Def double_df (a, b):

Return "{: .03f}" .format (a / b)

Data_apply = data.apply (lambda row:

Double_df (row ['week']

Row ['Brand'])

Axis=1)

Print (data_apply)

0 3.000

1 0.600

2 4.000

3 1.333

4 5.000

5 2.500

6 1.667

7 1.250

8 1.000

9 6.000

10 3.000

11 2.000

12 1.500

13 1.200

Dtype: object

Or this.

Def double_df (rows):

Return "{: .03f}" .format (rows ['week] / rows [' Brand'])

Data_apply = data.apply (double_df, axis=1)

Print (data_apply)

0 3.000

1 0.600

2 4.000

3 1.333

4 5.000

5 2.500

6 1.667

7 1.250

8 1.000

9 6.000

10 3.000

11 2.000

12 1.500

13 1.200

Dtype: object

Similarly, if you want to get all the original data, you'd better make a copy, or you may report an error. If you are interested, you can try it.

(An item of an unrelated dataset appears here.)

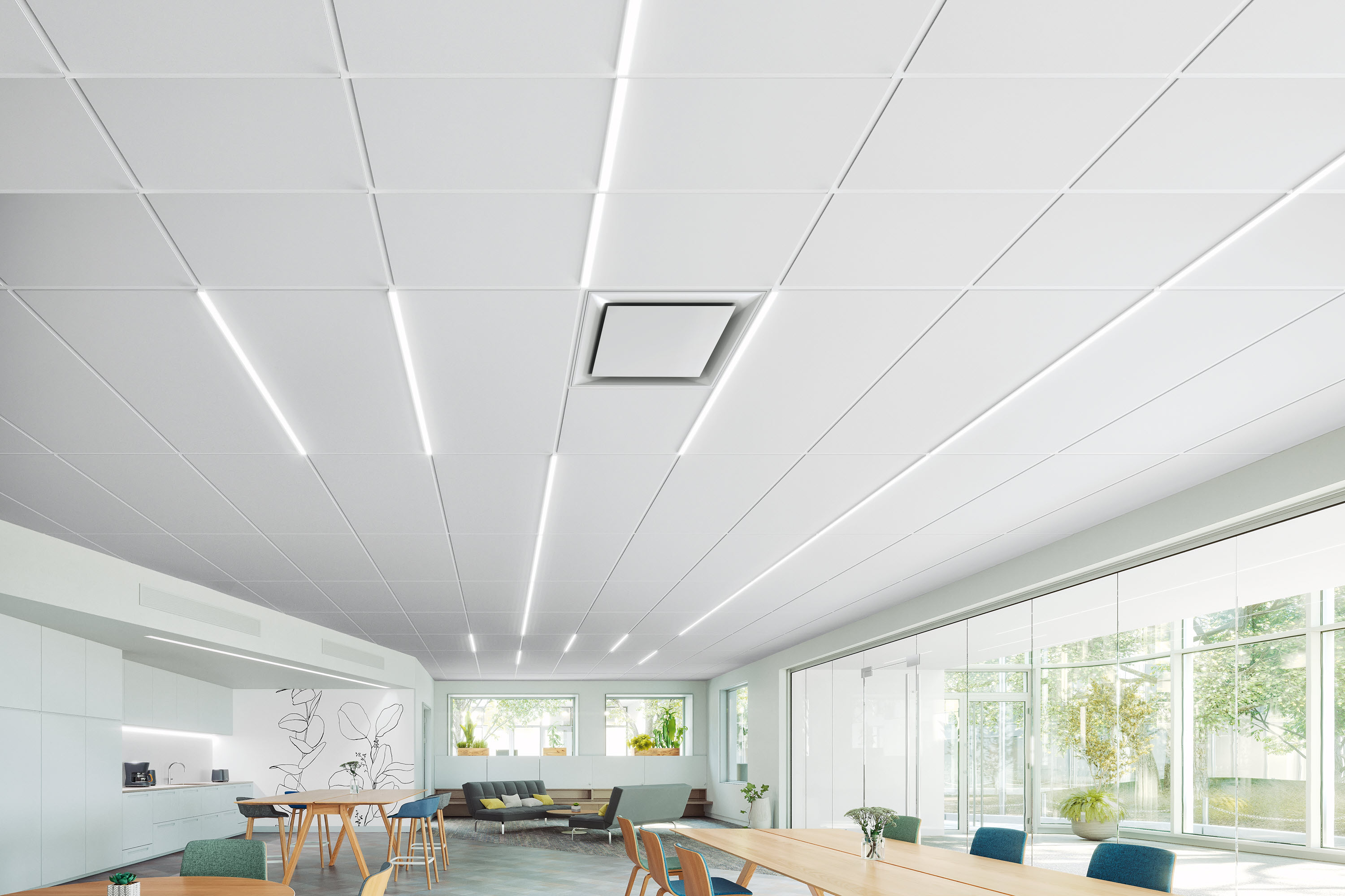 The STRATACLEAN IQ system meets the in-room filtration recommendations made by the EPA Clean Air in Buildings Challenge. The system is also part of the Armstrong portfolio of ceiling and wall products that contribute to healthier, safer spaces and cleaner air. The growing line includes AIRASSURE gasketed ceilings that reduce air leaks through the ceiling plane. It is also part of the CLEANASSURE family of disinfectable ceiling panels,suspension systems, and trim.

4. Delete NaN and spaces in Pandas

There are only two ways to deal with the missing data, one is to delete it directly, and the other is to add some other data, then how does Pandas delete the missing value? Originally, Pandas provided the dropna method, which was solved by a direct method, but sometimes the missing value is not Nan, but spaces or something else. I have encountered it, and then toss and toss about it, always reporting the error of ValueError, but I clearly used dropna, indicating that the data has not been cleaned. OK, the following method is the three methods I have collected to delete missing values on the Internet, which can be used directly.

Def delet_pandas_na (in_df, columns_name, method='one'):

If method = 'one':

Out_df = in_df.copy ()

Out_ DF [columns _ name] =\

In_ DF [columns _ name] .apply (

Lambda x: np.NaN if len (str (x)) < 1 else x)

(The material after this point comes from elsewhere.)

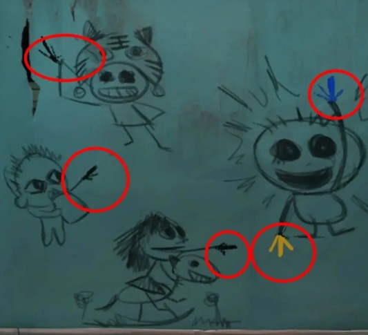 2、进入房间:使用密码【58339】打开右侧的门,进入房间后,查看左边的楼梯间并记录墙上的图案提示。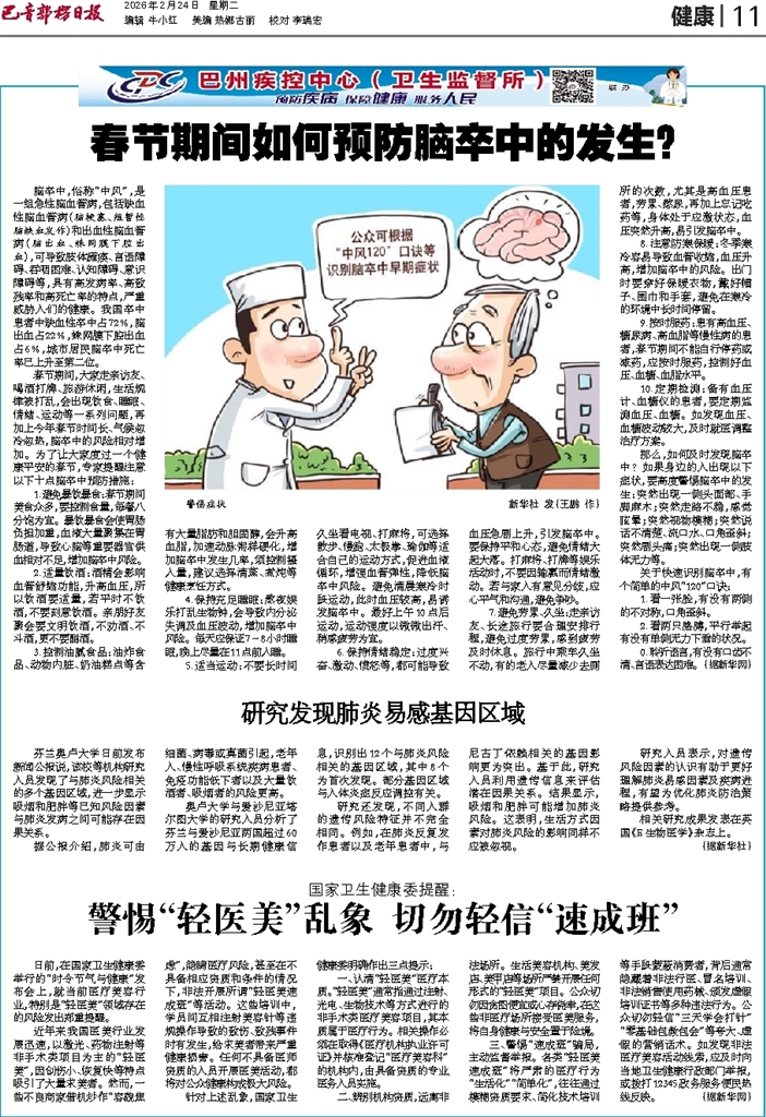 - 春节期间如何预防脑卒中的发生? 脑卒中,俗称“中风”,是一组急性脑血管病,包括缺血性脑血管病(脑梗塞、短暂性脑缺血发作)和出血性脑血管病(脑出血、蛛网膜下腔出血),可导致肢体瘫痪、言语障碍、吞咽困难、认知障碍、意识障碍等,具有高

Out_df_res = out_ DF [out _ DF [columns _ name] .notnull ()]

Return out_df_res

Elif method = 'two':

Out_df = (in_ DF [columns _ name] .isnull ()) |\

(in_ DF [columns _ name] .apply (

Lambda x: str (x) .isspace ())

Out_df_res = in_df [~ out_df]

Return out_df_res

Else:

In_df.dropna (inplace=True)

Indices_to_keep = ~ in_df.isin ([np.nan

Np.inf

-np.inf]) .any (1)

Return in_ DF [to_keep _ to_keep] .astype (np.float64) after reading the above, do you have any further understanding of what are the better methods in Pandas? If you want to know more knowledge or related content, please follow the industry information channel, thank you for your support.

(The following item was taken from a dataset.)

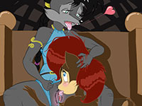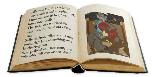 F/F Lupe/Sally ==================== Somewhere within the canyons of the great unknown, a howl broke out. It echoed through the caves of no return. Sitting around the incense of the meeting room, a couple of wolf pack freedom fighters grinned. They knew this sound. Lupe collapsed on her sleeping mat as the orgasm subsided. Licking her lips, her thoughts were filled with the curves of that beautiful woman. "Sally" she panted. Back at knothole, a carrier pigeon-bot arrived at Sally's window. Sally pulled her chair back from the table. But before she even finished standing, Sonic raced over to the window and grabbed the letter the bot was carrying. "Borrring!" He complained. "Then it's probably not for you", said Sally, who sat back down, "and probably something important." "Hey, my fan mail's important too," said Sonic as he basketball-tossed the note onto the table. Sally caught it as it bounced and uncrumpled it. "Sonic, this is the alliance treaty I sent to the northern freedom fighters," she groaned, "well, at least I can still make out Arnie's signature." The hedgehog shrugged, "what's the deal with all these papers, Sal? We're already on the same side." "We all have to be on the same page, Sonic," said Sally as she carefully folded the document. "Same... Page? What, do we need a book to fight Robuttnik or something?" Sally grinned and shook her head, "working together can mean different things to different people." She pulled out her portable computer, "Nicole, did my letter reach the wolf pack yet?" "Scanning..." The princess waited. "No response from carrier-bot, Sally." Reported the computer. "Huh? Why not?" Sonic yawned, "probably got lost in all those caves." 'records indicate the carrier's last known position was quadrant 3-4 of the great unknown." "I was afraid of that," Sally sighed and grabbed her backpack. "Afraid of what? Hey, where are you going?" The hedgehog followed the princess outside. "There's always a freak storm in that area," she explained, "so a letter has no chance of getting through, unless..." "Unless what?" Sally whistled for Dulcy, "I have to visit Lupe." An alarm buzzed, breaking Lupe's meditation. "There's someone in the canyon!" One of the wolves grabbed a spear. "Hold, Dorgo!" The wolf woman stood, "observation comes before action," she turned her attention to a different wolf, "You... Go scout the entrances." Dorgo put down his spear, "I see that your heat has not clouded your judgment." Lupe took a deep breath, "Perhaps the meditation is working after all." But when Sally walked into the meeting room, a familiar tingling immediately erupted between Lupe's thighs. "The Wolf Pack welcomes you, S-Sally Acorn." "Thank you," replied the Acorn princess as she sat cross-legged on the other side of the fire pit. "My messages haven't been getting through," she explained. The wolf woman nodded, "Nothing crosses Storm Valley. But we have other ways of sending messages." Sally passed a document to Dorgo, who passed it around to Lupe. "Y-You wish to form an... alliance with me?" The princess nodded, "We share the same needs... and a common threat." "I-Indeed..." The woman was grateful her visitor could not see the small wet spot forming on her leotard, "But... are you sure about this proposal, Princess? An alliance-" "-makes perfect sense," concluded Sally. For a moment, Lupe looked deep into the princess's eyes. Then she smiled, "yes... yes, it makes sense to me as well." "That's great!" Sally reached for the pen in her vest. "However!" added Lupe, "I must consult with The Pack first." Dorgo stood, "This way, princess." A moment later he returned, "This seems strange to me." Another wolf spoke up, "Don't the customs of her royal family require alliances to be formed though... marriage?" "Indeed they do," agreed Lupe, trying to ignore the obvious dampness between her legs. The wolf next to Lupe spoke up, "Have you truly thought this through? Your heat might be influencing your thoughts." "I-I have it... under control, Sanji." Panted Lupe. Dorgo sat by Lupe, "Perhaps that freedom fighter does not realize what she is asking." "She knows... She must," replied Lupe, "After all, she is the princess of the Acorn family. She knows her own customs better than anybody." "Then this is cause for celebration," said Sanji, "The Princess herself has proposed to you, Lupe!" Dorgo grumbled, "After only meeting you twice." "And I accept," Lupe stood. When Princess Sally returned, she was surprised to see Lupe wearing a headdress of flowers. "I hereby accept the proposal. Let us prepare for the ceremony." A similar headdress was placed on Sally's head. "Um, a whole ceremony?" She asked, "I had no plans to impose on your hospitality." "I would be honored to have you, princess," the wolf woman placed a hand on Sally's shoulder, "The Wolf Pack has long honored the traditions of the Acorn kingdom." "Then I'm grateful," Sally couldn't help smiling. These people actually treated her as a princess. Lupe led the hapless woman down a corridor. The Wolf Pack cheered as she followed the other woman. There was a small table at the end of the path. "Ah, that must be the treaty agreement," mumbled Sally. The princess confidently leaned over the desk, "Okay, where do I sign?" Lupe placed a warm hand upon hers, "These are the sacred writings of my people. Our ancestors bear witness to every union." "Oh." Sally quickly stood up. Lupe still held her hand, "From today forward, the Knothole freedom fighters and the Wolf Pack are one. Our land is your home. Your land is my home." The wolf woman picked up Sally's other hand, "From today forward, we are one. You are mine..." A pause. Sally spoke up, "a-and you are mine." Then without warning, Sally suddenly felt Lupe's lips pressed against her mouth. The kiss took her completely by surprise. The squirrel stared blankly as the wolf woman raised their hands to the ceiling. The crowd cheered as the two women left through a curtained passageway. Sally was led

Welcome to subscribe "Shulou Technology Information " to get latest news, interesting things and hot topics in the IT industry, and controls the hottest and latest Internet news, technology news and IT industry trends.

*The comments in the above article only represent the author's personal views and do not represent the views and positions of this website. If you have more insights, please feel free to contribute and share.